Not The Baby knows that fighting with me over taking a picture is a round she won't win.

So she gave up.

As we were driving her to the bus, I had this pit in my stomach. It reminded me of the same pit that I would have when my mother would drive us as kids back to my fathers house when they divorced. Oh how I hate that feeling.

Of course some of the people that were to ride the bus were late getting there so the ill anticipation that I had was drug out longer than need be.

Brat Baby was not very willing to sit there, she wanted to just leave.

Brat Baby: "Come on Momma, I mean look all the other sponsors are here, she is just sitting on the bus waiting."

Momma: "I am not leaving this parking lot until she pulls out!"

Brat Baby:" The other parents are leaving."

Momma:" I don't care what the other parents are doing I am staying, I mean if the other parents jumped off a bridge should I?"

Momma: "No, because I am me and I will do what I think is right regardless of what my peers are doing!"


Who knew a life lesson for my teenage drama queen would happen in that parking lot.

Momma: "and while we are on the subject, never do drugs, cheat, steal, have pre-marital sex, smoke, drink, lie, jaywalk, fart in public, etc."

Brat Baby: "Oh way to go Momma, you have farted in public more times than I have fingers."

Momma: "Do as I say child, not as I do!"

While Brat Baby and I are having our little talk, Baby Girl is continuing to wave to Not The Baby even though the bus is not and has not moved an inch. Not The Baby is looking a little embarrassed, no maybe that look means she is proud of her family, yes that is it. PRIDE!

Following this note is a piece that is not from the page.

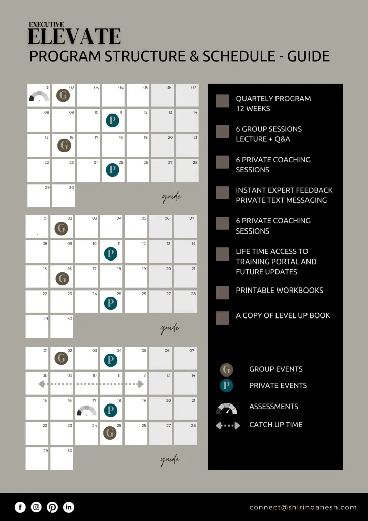 Whether you're looking for executive career elevation or a confidential transition into entrepreneurship, we ensure that the program aligns with your calendar ... so you gain the results without disruption.

Oh my, I have passed my illness off to my prodigy. Baby Girl will not stop waving!

Well it wasn't long before everyone arrived and it was time for the bus to pull out.

As soon as the bus started moving I headed quickly (like garage sale speed) to my car and followed the bus out of the parking lot. Baby Girl is in the back seat still waving, I am blowing kisses to Not The Baby and Brat Baby has this look on her face that reads, "Get the Hell Out of Here before you people embarrass me anymore than you already have."

The bus turns right out of the parking lot.

Our home is a left turn out of the parking lot.

What's this, the car is wanting to go right, Oh my gosh I don't know if I have the strength to make it go home without Not The Baby.

I brake, think for a moment, maybe a little longer than a moment since there are people behind me honking.

I Take A Deep Breath.

And I watch the bus drive out of my rear view mirror sight.

I miss my Not The Baby already!












1 comment:

Heather said...

I went to a start-up bunko party one time to see who would be interested in playing regularly. I really liked the game up until the last moment when the head bunk told us that there would be no drinking, no cussing, no bitching/moaning/complaining about our kids, husbands, jobs... it was just going to be wholesome fun. I can get wholesome on PBS at home, lady. So, I skipped my little non-baptist butt outta there and that was that! (actually, it was ridiculously priced and didn't fit into our schedule, the rest was just confirmation that I wouldn't fit int!)